With 200,000 gallons of oil a day spewing from an exploded oil rig in the Gulf of Mexico, forming a slick the size of West Virginia and threatening the coastline of Louisiana, radio pundit Rush Limbaugh said there's no need to panic, that "the ocean will take care of this on its own if it was left alone and was left out there. It's natural."
And to prove his point, Limbaugh pointed to the restoration of Alaska's Prince William Sound, which was devastated by an oil spill from the Exxon Valdez 21 years ago.
"They were wiping off the rocks with Dawn dishwater detergent and paper towels and so forth," Limbaugh said on his April 29, 2010, radio show. "The place is pristine now."
Government officials involved in the cleanup say the conditions are long way from being pristine, which is defined as "completely free from dirt or contamination."
Despite the beautiful scenery and wildlife in full view in Prince William Sound, a report from the Exxon Valdez Oil Spill Trustee Council released last year on the 20th anniversary of the spill stated, "one of the most stunning revelations of Trustee Council-funded monitoring over the last 10 years is that Exxon Valdez oil persists in the environment and in places, is nearly as toxic as it was the first few weeks after the spill."
The Trustee Council, formed by the Alaska government to oversee the restoration of the injured ecosystem, concluded the oil is decreasing at a rate of 0 to 4 percent a year, and "at this rate, the remaining oil will take decades and possibly centuries to disappear entirely."
We asked Craig Tillery, deputy attorney general for the state of Alaska, about Limbaugh's comment. Tillery, a who has served as counsel to the Exxon Valdez Oil Spill Trustee Council, said it depends on how you define pristine.
"The vast majority of oil that landed in Alaska is gone," he said. But the government dug hundreds of test holes and found pockets of "still fresh-looking oil that is still toxic to the marine environment." In all, they estimated 23,000 gallons (of the 11 million gallons spilled by the Exxon Valdez) remains in isolated pockets of some beaches.
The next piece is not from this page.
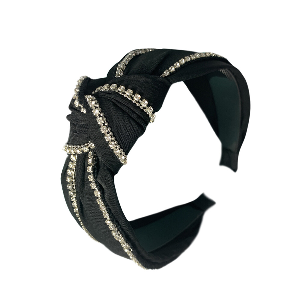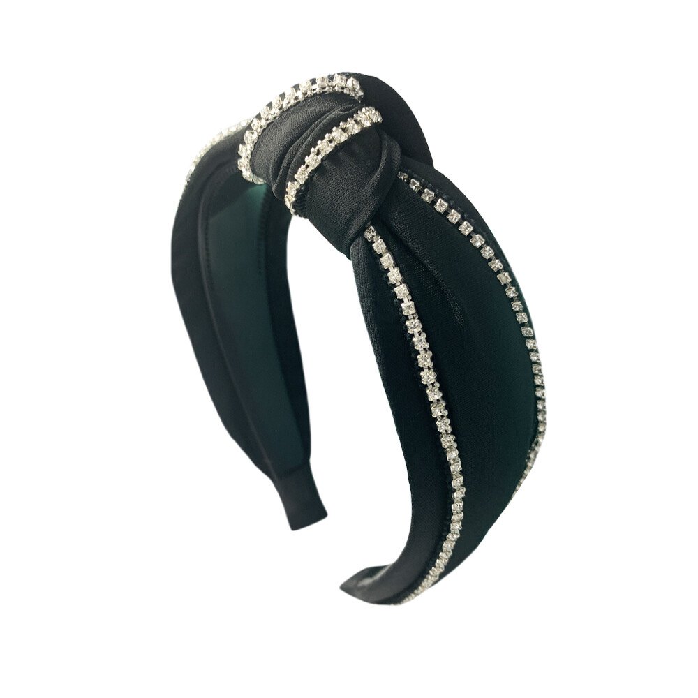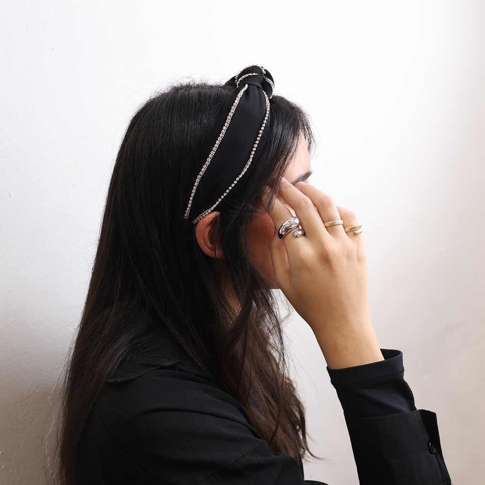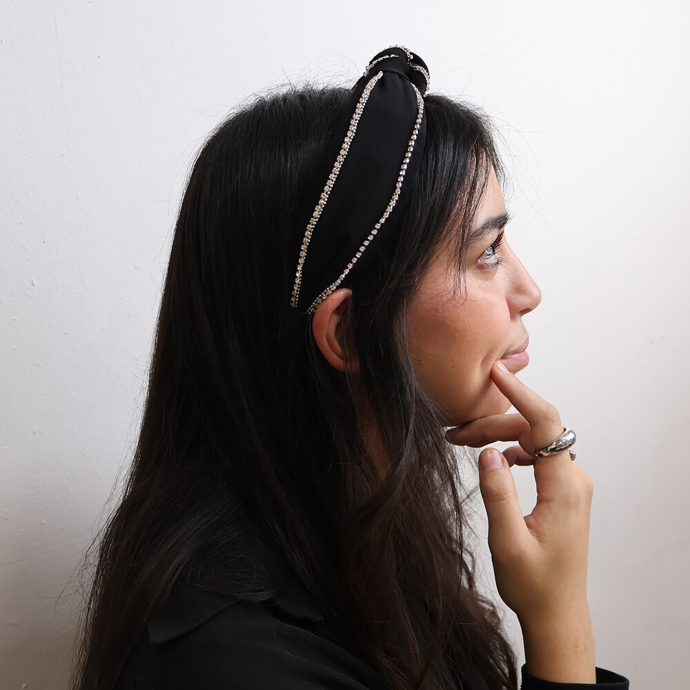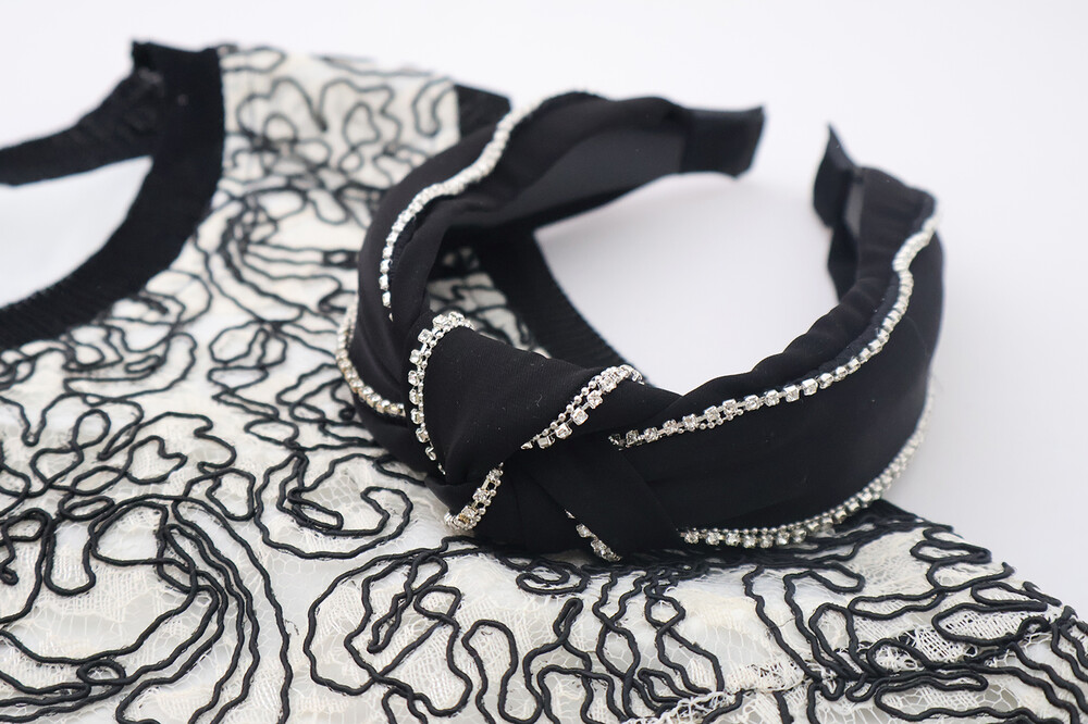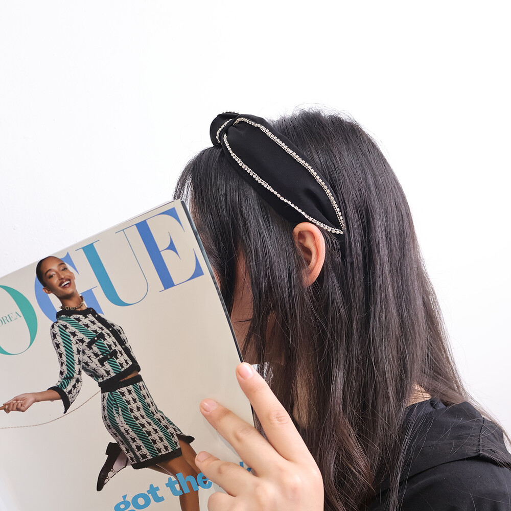 은은하게 반짝이는 블랙 크리스탈이 장식된 헤어밴드입니다.
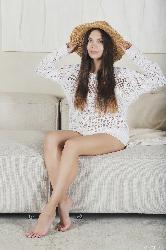 Youthful doll divests her white dress and goes face down ass up uncovering her tight butthole and yummy hairless punani on the couch in Metart set Hotty Hat

"It's buried, you wouldn't see it," said Tillery. "It looks pristine, but it's not pristine if your definition is that there's no oil left."
And that oil is still getting into the environment, he said. Sea ducks and sea otters are still exhibiting signs of exposure to oil, he said. And animals such as sea otters, which dig for clams, have released some of the oil trapped under the ground.
Most of the wildlife has recovered from the spill, Tillery said, but you also need to consider what you don't see.
"You don't see as many killer whales as you did before the spill," he said. "You don't see herrings in the numbers you did before the spill. On the surface, you'd probably say this looks pretty pristine. Underlying that, though, there is still evidence of the spill."
"There are beaches where you can turn a shovel and still find oil," said Stan Jones, director of external affairs for the Prince William Sound Regional Citizens Advisory Council.
Prince William sound has "mostly recovered visually," Jones said, but to call it pristine is an "overstatement."
Dr. Jeffrey Short, who was the leading chemist for the governments of Alaska and the United States following the 1989 Exxon Valdez oil spill, led a series of studies on the unexpected persistence of the oil.
In a Q & A with the environmental group Oceana, with whom he is now employed, Short stated, "We found that it (oil) lasted a lot longer than we thought in some locations and it was much better preserved than we thought it would be. In some places the oil hadn't degraded much beyond the first couple months after it had spilled."
We asked Short about Limbaugh's comment and he said that while it's fair to say most of Prince William Sound has recovered from the impact of the Exxon Valdez, "there are some places where the oil continues to linger."
In fact, the Exxon Valdez Oil Spill Trustee Council has a link on its website to its "Report on Recent Lingering Oil Studies."
"At the time of the spill, most scientists believed that, within a few years, the process of weathering would either break down and decompose the oil, or would cause it to turn into a form of asphalt that would have little potential to release toxic components into the environment," the report states. "Contrary to these expectations, oil persists at some sites in Prince William Sound and the Gulf of Alaska in a relatively unweathered and potentially toxic condition."
"Organisms that use the intertidal were severely affected by the spill and continued to show adverse effects from exposure to oil for many years after the spill. These effects manifested themselves in reduced survival rates and diminished populations. In recent years, however, there is evidence of improvement. The extent of oil exposure appears to be diminishing in most species, and there is evidence that the populations of some species are beginning to increase."
That sounds encouraging. But it doesn't change the fact that, despite outward appearance, 21 years after the Exxon Valdez spill, Prince William Sound is not pristine. You may not be able to see it, but scientists and anyone willing to turn over rocks with a shovel attest to the fact that thousands of gallons of oil remain buried in some beaches, and the oil continues to adversely affect the environment. We rule Limbaugh's statement False.